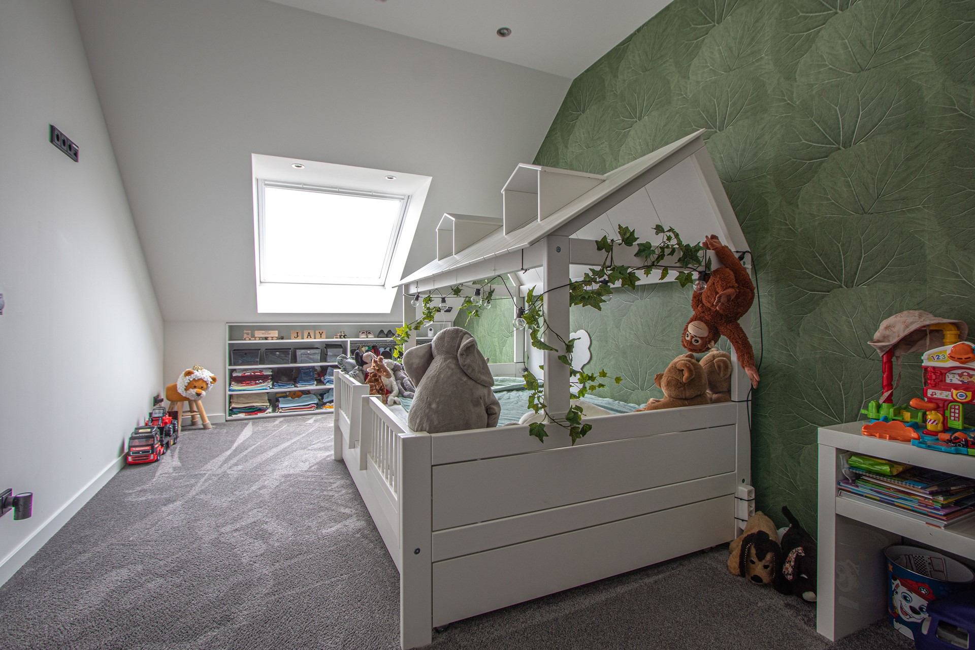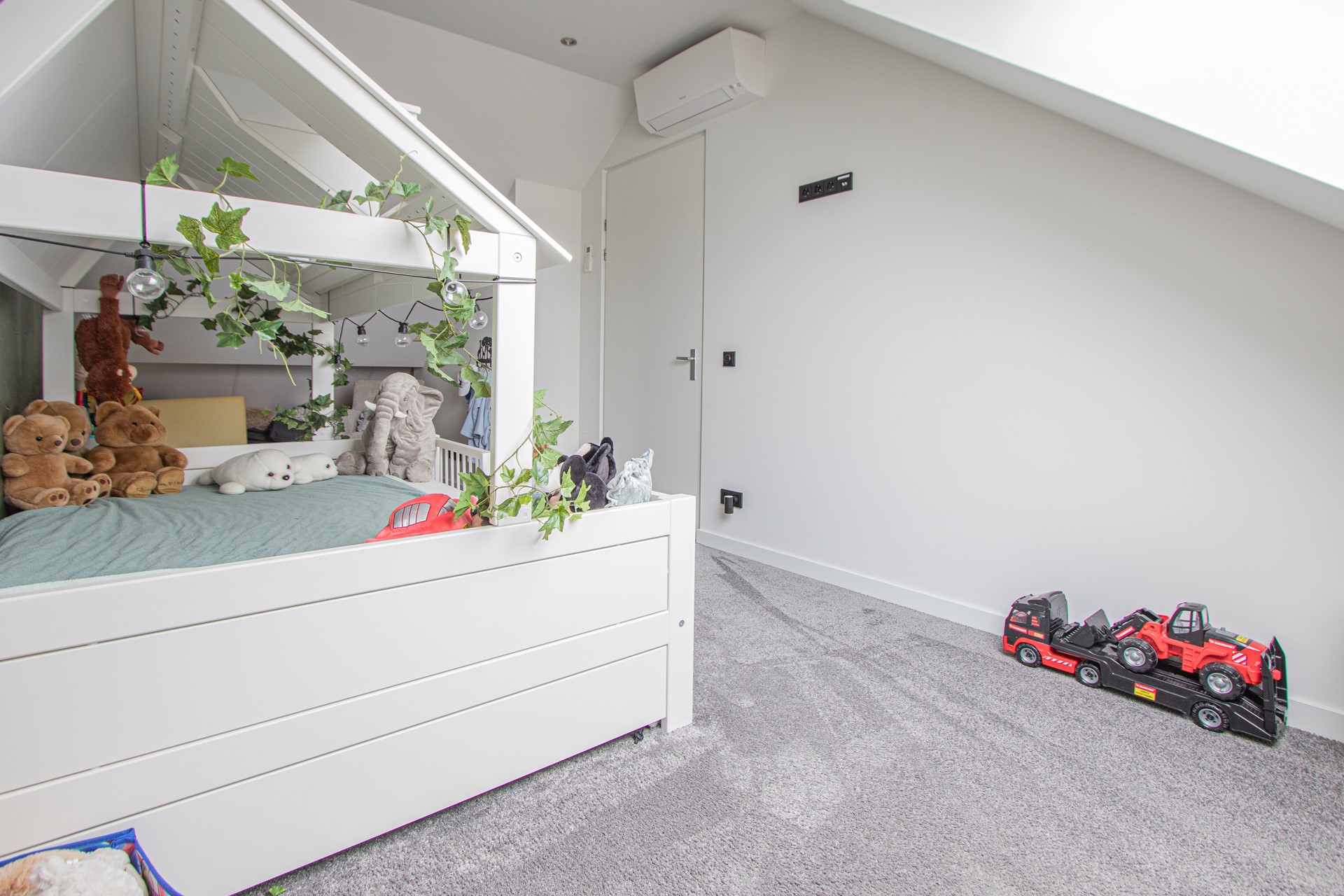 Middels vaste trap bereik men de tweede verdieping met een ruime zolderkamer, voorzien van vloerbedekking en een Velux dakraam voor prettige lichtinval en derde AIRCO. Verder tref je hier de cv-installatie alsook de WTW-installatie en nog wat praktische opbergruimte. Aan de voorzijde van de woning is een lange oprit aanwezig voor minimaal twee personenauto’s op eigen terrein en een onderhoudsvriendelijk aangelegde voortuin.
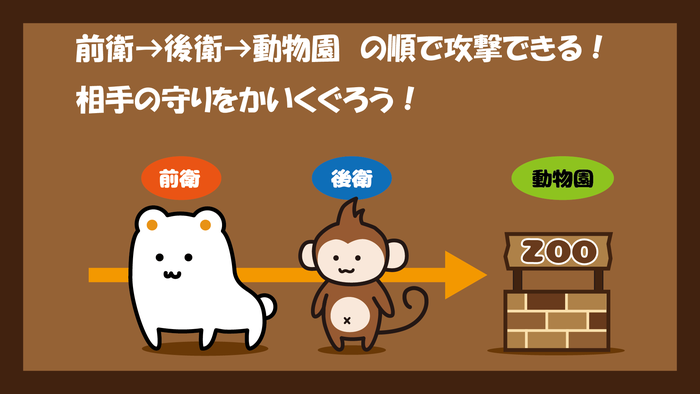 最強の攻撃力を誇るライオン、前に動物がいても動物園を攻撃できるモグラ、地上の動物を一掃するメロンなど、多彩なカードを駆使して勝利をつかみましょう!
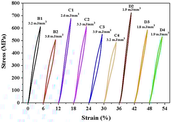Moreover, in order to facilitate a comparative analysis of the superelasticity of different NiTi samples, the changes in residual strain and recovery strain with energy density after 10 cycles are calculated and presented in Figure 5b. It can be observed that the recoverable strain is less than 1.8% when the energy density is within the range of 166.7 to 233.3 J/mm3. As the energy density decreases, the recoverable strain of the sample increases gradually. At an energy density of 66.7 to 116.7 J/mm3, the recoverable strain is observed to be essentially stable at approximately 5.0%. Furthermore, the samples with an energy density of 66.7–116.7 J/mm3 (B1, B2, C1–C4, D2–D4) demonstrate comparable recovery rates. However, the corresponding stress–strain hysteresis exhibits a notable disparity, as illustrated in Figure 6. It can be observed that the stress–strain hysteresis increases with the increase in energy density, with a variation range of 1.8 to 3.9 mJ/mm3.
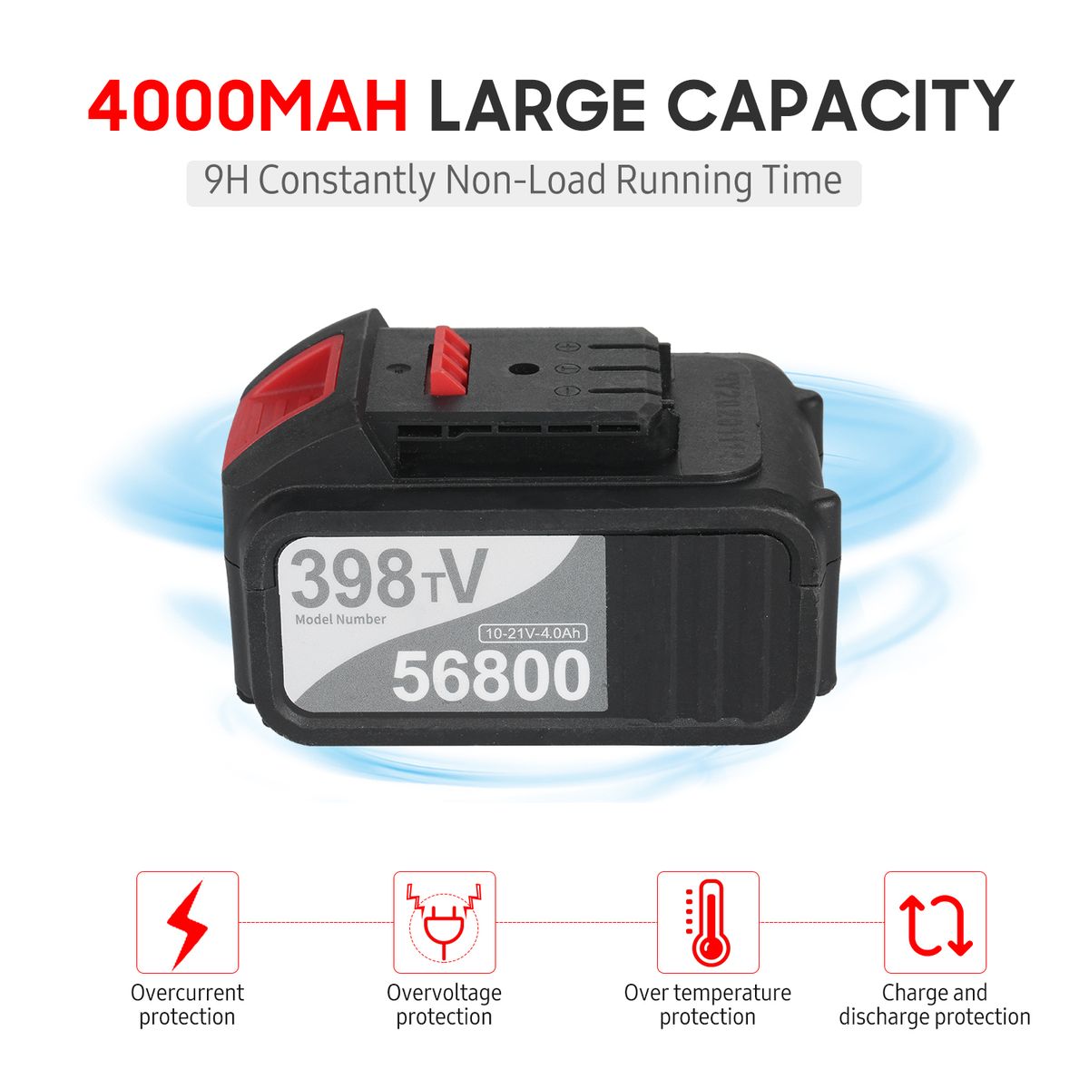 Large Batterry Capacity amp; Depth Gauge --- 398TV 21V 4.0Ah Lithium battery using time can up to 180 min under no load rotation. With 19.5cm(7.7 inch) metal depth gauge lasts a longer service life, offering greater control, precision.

········

- _Exercise_: Copy only the lines running from the one that holds "最強の攻撃力を誇るライオン、" through the last line of the data, and include both of those lines. Do not copy any pictures.

- _Task result_:
 最強の攻撃力を誇るライオン、前に動物がいても動物園を攻撃できるモグラ、地上の動物を一掃するメロンなど、多彩なカードを駆使して勝利をつかみましょう!
Moreover, in order to facilitate a comparative analysis of the superelasticity of different NiTi samples, the changes in residual strain and recovery strain with energy density after 10 cycles are calculated and presented in Figure 5b. It can be observed that the recoverable strain is less than 1.8% when the energy density is within the range of 166.7 to 233.3 J/mm3. As the energy density decreases, the recoverable strain of the sample increases gradually. At an energy density of 66.7 to 116.7 J/mm3, the recoverable strain is observed to be essentially stable at approximately 5.0%. Furthermore, the samples with an energy density of 66.7–116.7 J/mm3 (B1, B2, C1–C4, D2–D4) demonstrate comparable recovery rates. However, the corresponding stress–strain hysteresis exhibits a notable disparity, as illustrated in Figure 6. It can be observed that the stress–strain hysteresis increases with the increase in energy density, with a variation range of 1.8 to 3.9 mJ/mm3.
 Large Batterry Capacity amp; Depth Gauge --- 398TV 21V 4.0Ah Lithium battery using time can up to 180 min under no load rotation. With 19.5cm(7.7 inch) metal depth gauge lasts a longer service life, offering greater control, precision.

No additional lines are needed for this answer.